Re-install the rugged gem with a patched ext/rugged/extconf.rb that adds -Wl,--exclude-libs,ALL to $LDFLAGS, so that symbols from libgit2's statically-linked archives (most notably the bundled llhttp_*) are marked local in rugged.so instead of being globally exported.
Why
Without this patch, rugged.so globally exports 119 llhttp_* symbols from libgit2's bundled llhttp:
$ nm -D --defined-only /opt/gitlab/.../rugged/rugged.so | grep -c llhttp
119When llhttp-ffi (loaded transitively by the http gem) is mapped into the same Ruby process, the dynamic linker resolves its llhttp_* calls to rugged's symbols (different llhttp version, different ABI), corrupting the parser callbacks. Every Geo blob HTTP response then fails with status 34 (HPE_INVALID_STATUS).
This is the root cause behind gitlab-org/gitlab#595139 (closed) and analyzed in detail in gitlab-org/gitlab#597390 (closed). The currently-shipping workaround swaps the blob download path to Gitlab::HTTP behind the geo_blob_download_with_gitlab_http ops feature flag, but it has surfaced new bugs (gitlab-org/gitlab#598020 (closed), gitlab-org/gitlab#598514 (closed)) and leaves us maintaining two code paths (gitlab-org/gitlab#596934). Patching rugged's symbol visibility removes the root cause for all deployment shapes (Omnibus, CNG, Dedicated, dev).

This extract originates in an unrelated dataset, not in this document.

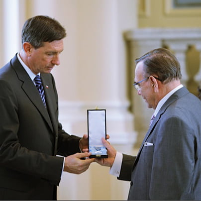 Miha Verbič prejema odlikovanje iz rok predsednika države Boruta Pahorja.

CNG/Dedicated specifically reproduces this bug because, although CNG runs against a recent libffi (ffi 1.17.4-x86_64-linux-gnu precompiled gem statically embeds vendored libffi >3.5.2), the rugged symbol collision is independent of libffi version — it's a link-time visibility issue in the rugged extension itself.
What changed
| File | Change |
|---|---|
shared/build-scripts/patches/rugged-hide-libgit2-symbols-1.9.0.patch |
New — 5-line extconf.rb patch adding the LDFLAG. |
shared/build-scripts/patch-rugged-symbols |
New — executable script that uses gem-patch to re-install the rugged gem with the patch applied. Modelled on shared/build-scripts/reinstall-grpc-if-fips, without the FIPS gate (the rugged fix applies to all builds). |
gitlab-rails/Dockerfile.erb |
Added invocation of the new script after bundle install in the builder stage. |
gitlab-rails/Dockerfile.build.ubi.erb |
Added invocation after reinstall-grpc-if-fips. |
The fix mirrors the same pattern the ffi gem already uses for libffi (ffi/ext/ffi_c/extconf.rb#L54-L56):
# Ensure libffi symbols aren't exported when using static libffi.

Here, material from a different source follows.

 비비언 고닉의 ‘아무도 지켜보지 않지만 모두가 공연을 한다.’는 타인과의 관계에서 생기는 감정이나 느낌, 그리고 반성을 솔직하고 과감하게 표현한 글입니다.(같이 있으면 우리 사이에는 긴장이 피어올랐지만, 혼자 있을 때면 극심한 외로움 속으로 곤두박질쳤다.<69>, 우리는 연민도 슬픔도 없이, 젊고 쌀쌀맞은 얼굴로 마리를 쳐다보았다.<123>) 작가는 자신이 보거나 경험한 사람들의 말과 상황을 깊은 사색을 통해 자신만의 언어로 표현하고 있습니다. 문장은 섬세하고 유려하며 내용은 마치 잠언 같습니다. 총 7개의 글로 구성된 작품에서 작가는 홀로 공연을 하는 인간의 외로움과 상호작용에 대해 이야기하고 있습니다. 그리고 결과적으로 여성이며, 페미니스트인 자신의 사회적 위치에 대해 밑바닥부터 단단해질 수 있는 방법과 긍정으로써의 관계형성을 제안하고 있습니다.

# This is to avoid interference with other gems like fiddle.
append_ldflags "-Wl,--exclude-libs,ALL"Init_rugged and Ruby-side API symbols are compiled from .o files (not the static libgit2 archive) and remain globally visible, so Ruby's dlopen still works.
Verification (test plan)
1. Symbol check (primary regression test) — run inside the built image:
nm -D --defined-only $(find /srv/gitlab/vendor/bundle -name 'rugged.so') | grep -c llhttp
# Expected: 0 (was 119 before patch)2. Reproducer from gitlab-org/gitlab#597390 (closed):
Run snippet 5982447 inside the patched build — client.rb should print 200 (was 34).
3. Rugged smoke test:
require 'rugged'
puts Rugged::Reference.valid_name?("refs/heads/main") # => true
puts Rugged::Reference.valid_name?("refs/heads/..") # => false4. End-to-end: deploy the patched image to a Geo secondary on staging-ref, disable geo_blob_download_with_gitlab_http, trigger blob replication. The original http-gem path should now succeed without FFI corruption.
Why not Scott's two alternatives in #596934
Considered both upstream options before choosing the downstream patch:
- Bump
httpgem to 6.x (usesllhttpdirect C binding instead ofllhttp-ffion CRuby): blocked bykubeclient 4.13.0still pinninghttp >= 3.0, < 6.0(verified at the v4.13.0 tag's gemspec — the cap was not removed). ManageIQ/kubeclient#687 is open with no upstream movement since 2026-03-18. Even if unblocked, thellhttpgem also statically embeds llhttp.c sources without symbol-hiding flags, so the rugged collision could still corrupt the new path. - Bump Omnibus libffi 3.2.1 → 3.4.x+: doesn't address the symbol collision and is irrelevant for CNG/Dedicated (already on a much newer libffi via the precompiled
ffigem).
The downstream rugged patch is the smallest fix that addresses the actual root cause across all deployment shapes.
Related issues
- Closes part of gitlab-org/gitlab#598564 (closed)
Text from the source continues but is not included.